Natural Language Processing for Improved Characterization of COVID-19 Symptoms: Observational Study of 350,000 Patients in a Large Integrated Health Care System

Affiliations
Observational Study

Natural Language Processing for Improved Characterization of COVID-19 Symptoms: Observational Study of 350,000 Patients in a Large Integrated Health Care System

Deborah E Malden et al. JMIR Public Health Surveill. .

Abstract

Background: Natural language processing (NLP) of unstructured text from electronic medical records (EMR) can improve the characterization of COVID-19 signs and symptoms, but large-scale studies demonstrating the real-world application and validation of NLP for this purpose are limited.

Objective: The aim of this paper is to assess the contribution of NLP when identifying COVID-19 signs and symptoms from EMR.

Methods: This study was conducted in Kaiser Permanente Southern California, a large integrated health care system using data from all patients with positive SARS-CoV-2 laboratory tests from March 2020 to May 2021. An NLP algorithm was developed to extract free text from EMR on 12 established signs and symptoms of COVID-19, including fever, cough, headache, fatigue, dyspnea, chills, sore throat, myalgia, anosmia, diarrhea, vomiting or nausea, and abdominal pain. The proportion of patients reporting each symptom and the corresponding onset dates were described before and after supplementing structured EMR data with NLP-extracted signs and symptoms. A random sample of 100 chart-reviewed and adjudicated SARS-CoV-2-positive cases were used to validate the algorithm performance.

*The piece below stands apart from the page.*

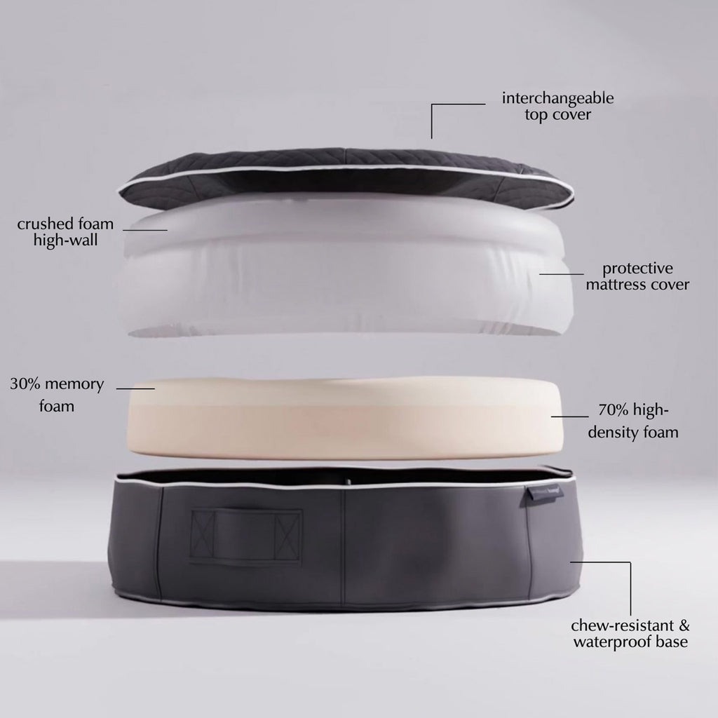 Regala al tuo cane il lusso che merita con il materasso per cani XXL Rebound Foam di Ambient Lounge. Progettato per offrire il massimo supporto e relax , questo letto interamente in schiuma è composto per il 70% da schiuma ortopedica ad alta densità e per il 30% da memory foam , garantendo un sollievo dalla pressione e un supporto articolare superiori, perfetti per cani di tutte le età, in particolare per i cani anziani o le razze predisposte a problemi alle anche e alle articolazioni.

Results: A total of 359,938 patients (mean age 40.4 [SD 19.2] years; 191,630/359,938, 53% female) with confirmed SARS-CoV-2 infection were identified over the study period. The most common signs and symptoms identified through NLP-supplemented analyses were cough (220,631/359,938, 61%), fever (185,618/359,938, 52%), myalgia (153,042/359,938, 43%), and headache (144,705/359,938, 40%). The NLP algorithm identified an additional 55,568 (15%) symptomatic cases that were previously defined as asymptomatic using structured data alone. The proportion of additional cases with each selected symptom identified in NLP-supplemented analysis varied across the selected symptoms, from 29% (63,742/220,631) of all records for cough to 64% (38,884/60,865) of all records with nausea or vomiting. Of the 295,305 symptomatic patients, the median time from symptom onset to testing was 3 days using structured data alone, whereas the NLP algorithm identified signs or symptoms approximately 1 day earlier. When validated against chart-reviewed cases, the NLP algorithm successfully identified signs and symptoms with consistently high sensitivity (ranging from 87% to 100%) and specificity (94% to 100%).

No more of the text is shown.